» WHAT IS REQUIRED
Of the entries below, restate word for word only the section that runs from the line with "Studenti universitari giapponesi" to the line with "南京移动网络部网络规划工程师", counting both ends.

» EXERCISE MATERIALS
_ _ _

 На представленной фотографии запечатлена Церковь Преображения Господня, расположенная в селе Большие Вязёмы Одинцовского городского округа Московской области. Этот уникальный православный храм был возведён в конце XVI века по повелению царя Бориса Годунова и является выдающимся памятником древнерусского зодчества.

_ _ _

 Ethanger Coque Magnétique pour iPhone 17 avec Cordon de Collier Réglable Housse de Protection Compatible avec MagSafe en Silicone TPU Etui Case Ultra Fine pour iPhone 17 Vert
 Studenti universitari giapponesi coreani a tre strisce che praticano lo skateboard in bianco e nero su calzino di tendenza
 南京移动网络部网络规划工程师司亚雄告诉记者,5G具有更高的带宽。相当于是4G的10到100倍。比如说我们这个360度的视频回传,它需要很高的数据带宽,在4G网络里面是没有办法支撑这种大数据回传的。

_ _ _

» EXERCISE OUTPUT
 Studenti universitari giapponesi coreani a tre strisce che praticano lo skateboard in bianco e nero su calzino di tendenza
 南京移动网络部网络规划工程师司亚雄告诉记者,5G具有更高的带宽。相当于是4G的10到100倍。比如说我们这个360度的视频回传,它需要很高的数据带宽,在4G网络里面是没有办法支撑这种大数据回传的。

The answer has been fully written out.